Pour l'historienne et chercheuse à l'Institut d'histoire du temps présent (CNRS), Malika Rahal, la thèse selon laquelle la France aurait "offert" son indépendance à l'Algérie, est plutôt une "idée reçue, rapidement dite par ceux qui veulent dénoncer de Gaulle, pour avoir +abandonné+ l'Algérie".
"Elle se placerait donc plutôt dans un contexte français que comme une critique du FLN et du combat pour l'indépendance algérienne", a-t-elle analysé, signalant que le temps mis entre l'arrivée du général de Gaulle au pouvoir, en 1958, et la conclusion des accords d'Evian, en 1962, "révèle au contraire que même l'acceptation de la nécessité de négocier a été, côté français, une chose difficile".

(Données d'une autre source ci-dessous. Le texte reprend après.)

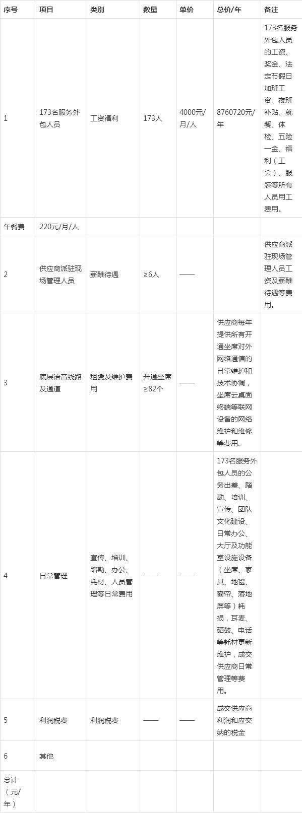 3.1 每個(gè)崗位人員數(shù)量:交易供應(yīng)商會(huì)根據(jù)現(xiàn)場(chǎng)實(shí)際情況,結(jié)合各種輔助管理崗位(質(zhì)檢、培訓(xùn)、知識(shí)庫、大數(shù)據(jù)、技術(shù)支持、人力資源、多媒體策劃、后勤保障等)根據(jù)主叫行業(yè)要求,參照主叫行業(yè)標(biāo)準(zhǔn)進(jìn)行整體配置。
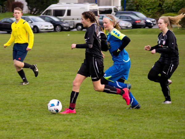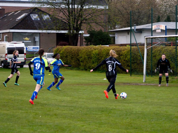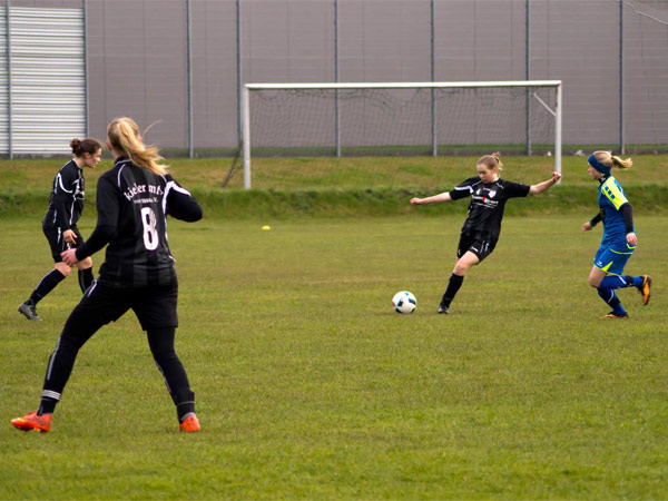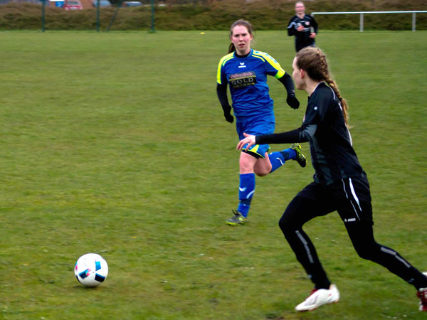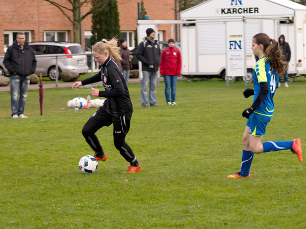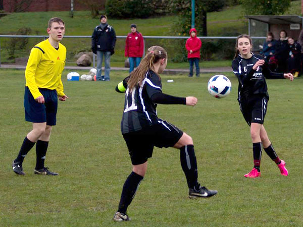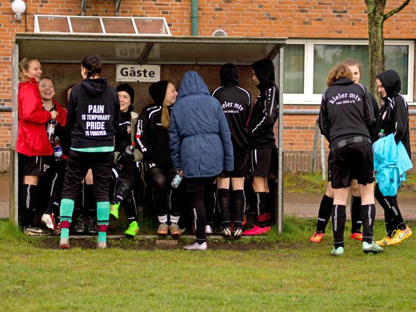 Nachdem es den ganzen Tag heftige Schnee- und Regenschauer gegeben hatte, rechneten wir mit einer Spielabsage. Da wir endlich mal wieder personell mit 14 Spielerinnen gut aufgestellt waren, wäre dies schade gewesen. Zu aller Überraschung konnte der PTSK-Rasen doch bespielt werden. Dies war umso bemerkenswerter, weil die Gastgeberinnen nur 10 Mädchen auf dem Spielberichtsbogen hatten.

L'auteure d'"Ali Boumendjel, une affaire française, une histoire algérienne" (Belles Lettres, 2010, et Barzakh, 2011), cite par ailleurs les témoignages de combattants de l'ALN qui concordent, selon elle, pour indiquer que la guerre s'est considérablement durcie après l'arrivée de de Gaulle au pouvoir.
"C'est durant cette période qu'ont été lancées certaines des plus grandes opérations de la guerre : le plan Challe, les opérations Jumelles ou Pierres précieuses notamment", a-t-elle rappelé, affirmant que le gouvernement français n'était donc pas dans une position de retrait, d'abandon ou de mollesse.
L'Algérie a recouvré son indépendance le 5 juillet 1962, après une colonisation française de 132 ans, presque jour pour jour, et une âpre lutte de libération (1954-1962) qui a abouti à la signature des accords d'Evian en mars 1962 et un référendum d'autodétermination en juillet de la même année.